Neben der Generationenfrage sieht

Mathias Meyer, Buchhändler aus Weißenburg

und stellvertretender Vorsitzender

des lokalen IHK-Gremiums,

auch ganz handfeste Gründe für die

Zurückhaltung des Einzelhandels in

Sachen Digitalisierung. „Wer da vor

der Krise noch nicht angefangen hatte,

der kam da in der Krise auch nicht

mehr dazu.“ Die Vorstellung, dass die

Geschäftsleute im Lockdown däumchendrehend

in ihren Geschäften sitzen

würden, sei grundlegend falsch.

Hinter den Einzelhändlern lägen harte

Monate. Das Hin und Her bei den Hygieneregelungen,

die Entwicklung eigener

Hygienekonzepte, der Versuch,

sein jeweiliges Geschäftsmodell coronakonform

zu bekommen, und die

Organisation der Mitarbeiter hätten

viele Kräfte gebunden. Dazu Umstrukturierungen,

Beantragung von Hilfen,

Kurzarbeitergeld …

Bei allem Verständnis sieht Meyer

aber auch das Risiko, in das sich Einzelhändler

begeben, die während der

Lockdwons komplett weg waren. „Die

Gefahr ist einfach, dass das zunehmend

Richtung online geht.
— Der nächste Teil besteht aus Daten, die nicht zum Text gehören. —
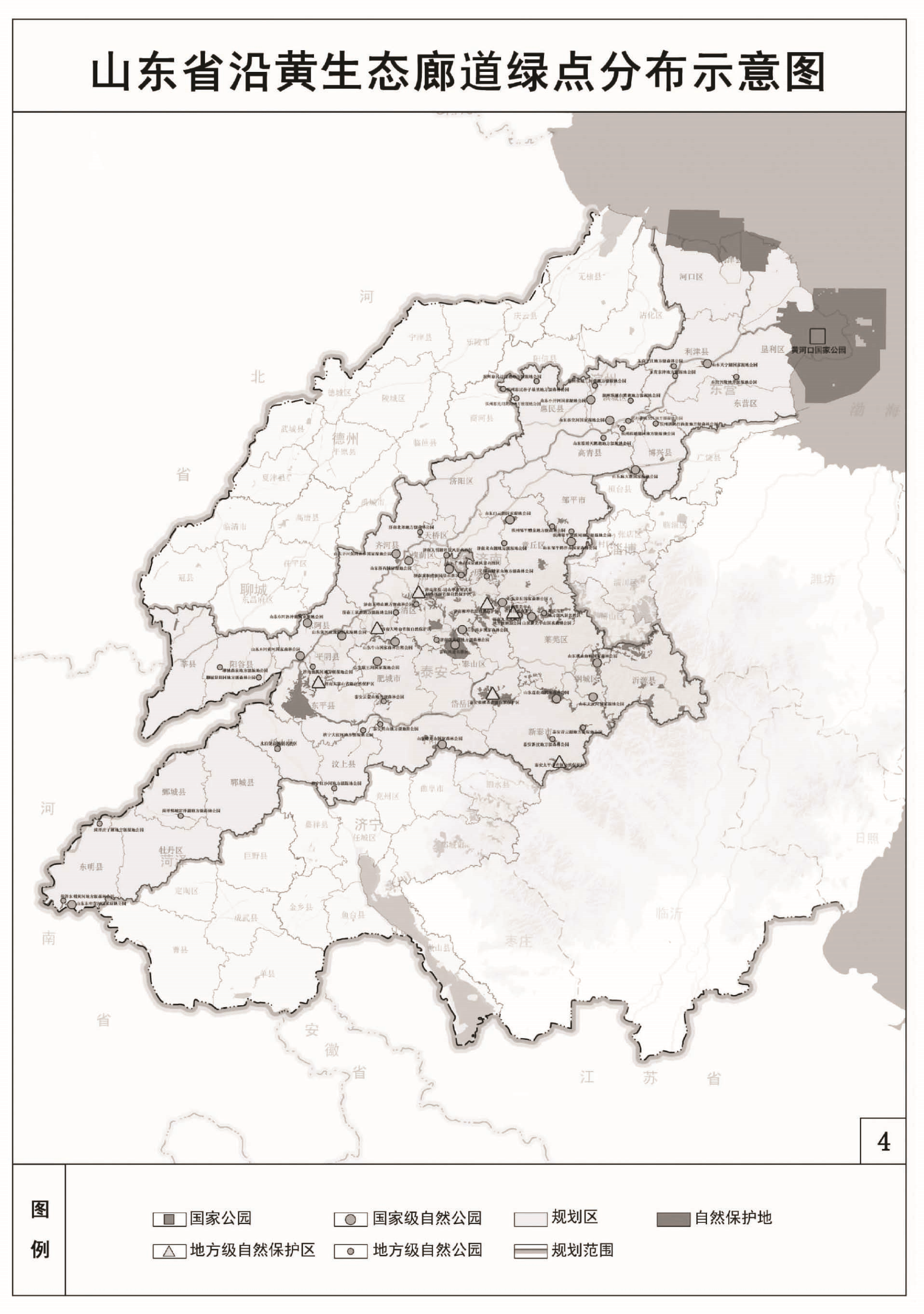 “多点”,即多处生态功能节点。依托自然保护区、自然公园、水利风景区等重要生态节点,合理定位自然保护地主体功能、边界范围,高标准建设黄河口国家公园,高水平提升东平湖生态功能,高质量建设济南大寨山、泰安徂徕山等自然保护区,高品质建设泰山风景名胜区等自然公园和菏泽黄河、济南百里黄河、垦利区黄河口等水利风景区,建立系统完善的自然保护地体系。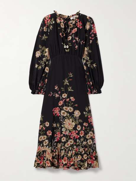 It's the little details that make Sea's 'Jolie' dress feel so romantic. Made from crepe de chine, it's printed with pretty blooms and has a gathered bodice and ruffled trims. The elongated ties at the neck can be knotted into a bow or left to drape loosely.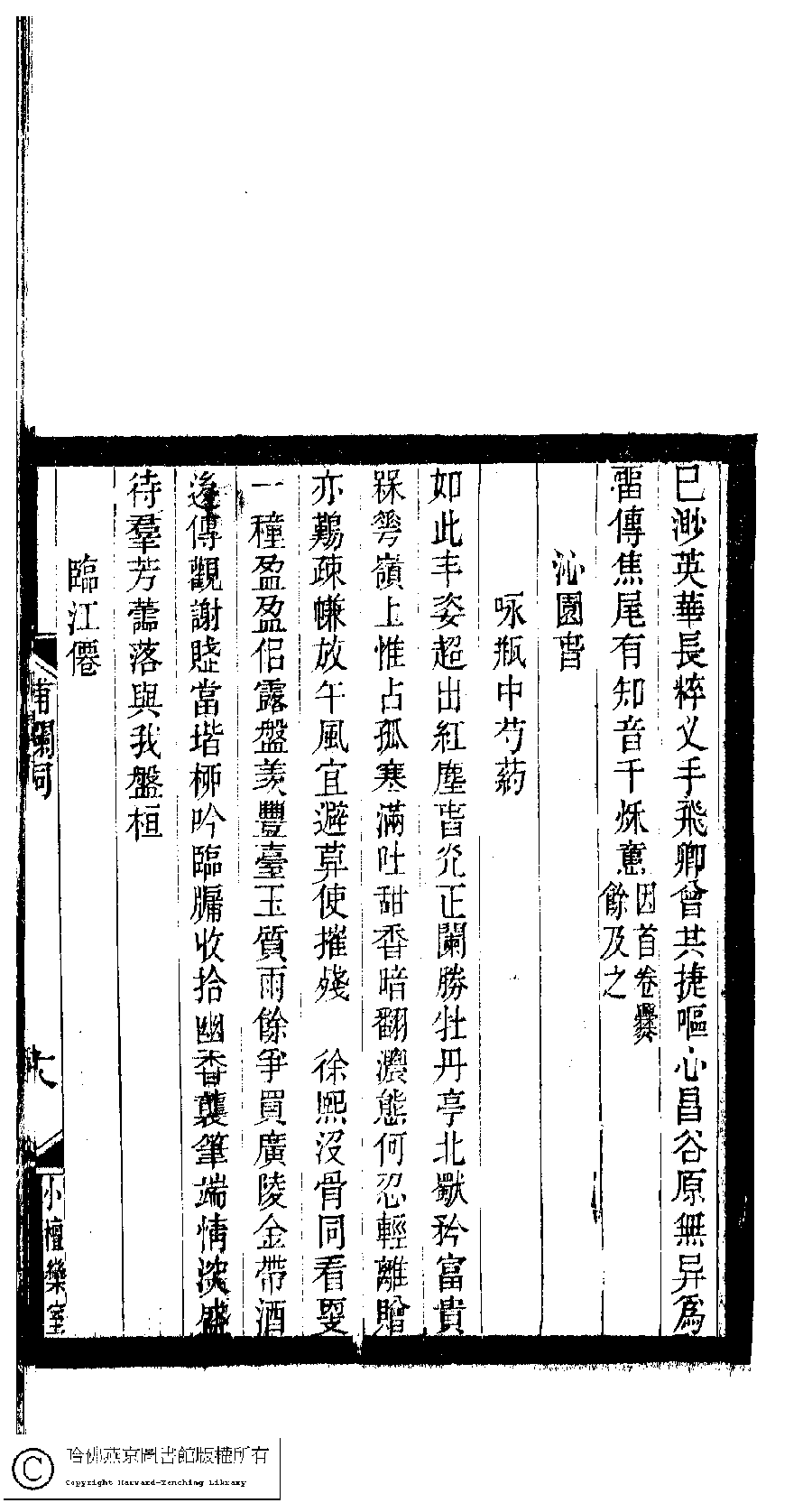 | 原書: 小檀欒室彙刻閨秀詞﹕十集一百種一百卷(清徐乃昌輯): 補欄詞﹕一卷 |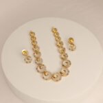 Crafted with high-quality materials, this set is designed for durability while reflecting elegance. Its lightweight build ensures comfort for prolonged wear, allowing you to revel in festivities with ease. Pair it with an embroidered saree, a flowing lehenga, or even a classic salwar suit to accentuate your look effortlessly. The warm gold-toned finish pairs seamlessly with both bold and muted hues, making it a versatile addition to your jewelry collection.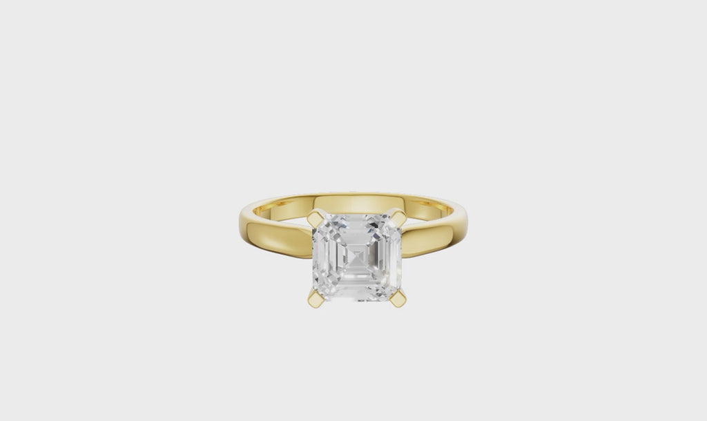 An exquisite choice that showcases a sparkling 4.0 carat asscher lab grown diamond solitaire in a timeless four prong solid setting merged into a polished platinum, white or yellow gold band. The color is F with a clarity of VS ranking. This ring is a simple yet versatile choice and one you can build upon. Traditional wedding bands on either side or other style, even custom-made accompanying rings for a personal touch.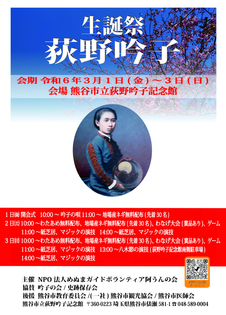 【会 場】 熊谷市立荻野吟子記念館(住所:熊谷市俵瀬581-1、電話:048-589-0004)
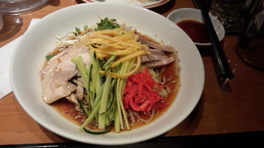 JR町田駅前の通り沿いにあるお店、夫婦で昼食をいただきました。冷やし中華と手造り餃子(1皿をシェア)をオーダ、冷やし中華の味は普通のレベルでしたが、チャーシューが沢山入っていてかなりボリュームがありました。餃子は一口サイズのもの、もちもち感がありジューシーでとても美味しかったです。手造り餃子にはいろいろな形・大きさのものがありテイクアウトもできますので、次回来ることがあれば違う餃子をいただきたいと思います。

Dass die

Kunden, die jetzt mal auf die großen

Online-Anbieter ausgewichen sind,

nicht mehr zurückkommen.“ Deshalb

war die eigene Online-Aktivität seiner

Buchhandlung für ihn nicht nur Umsatzbringer,

sondern auch Mittel der

Kundenbindung.

Und hier liegt – online hin, online her –

auch eine der ganz großen positiven

Erfahrungen dieser Krise. „Die Kunden

sind absolut solidarisch gewesen“, erzählt

der Buchhändler. „Wir haben sogar

neue Kunden gewonnen, die uns

ganz bewusst unterstützen wollten.“

Die Leute hätten auch gemerkt, wie

schön und wichtig es doch eigentlich

ist, sich vor Ort, schnell und einfach

versorgen zu können.

„Die Wertschätzung ist schon gewachsen“,

glaubt auch Weißenburgs Stadtmarketing-Geschäftsführer

Simon

Sulk. „Weil die Leute gemerkt haben,

wie wichtig der Einzelhandel auch als

sozialer Treffpunkt ist und wie weh es

tut, wenn man nicht mal eben beim Einkaufen

immer wieder Leute trifft.“ Das

ist eine Erkenntnis, die für den Einzelhandel

in den Städten noch Gold wert

sein kann. Frei nach dem Motto: Erst

wenn der letzte Tante-Emma-Laden

geschlossen hat, werdet ihr feststellen,

dass man bei Amazon niemandem

zum Ratschen trifft. Oder so ähnlich.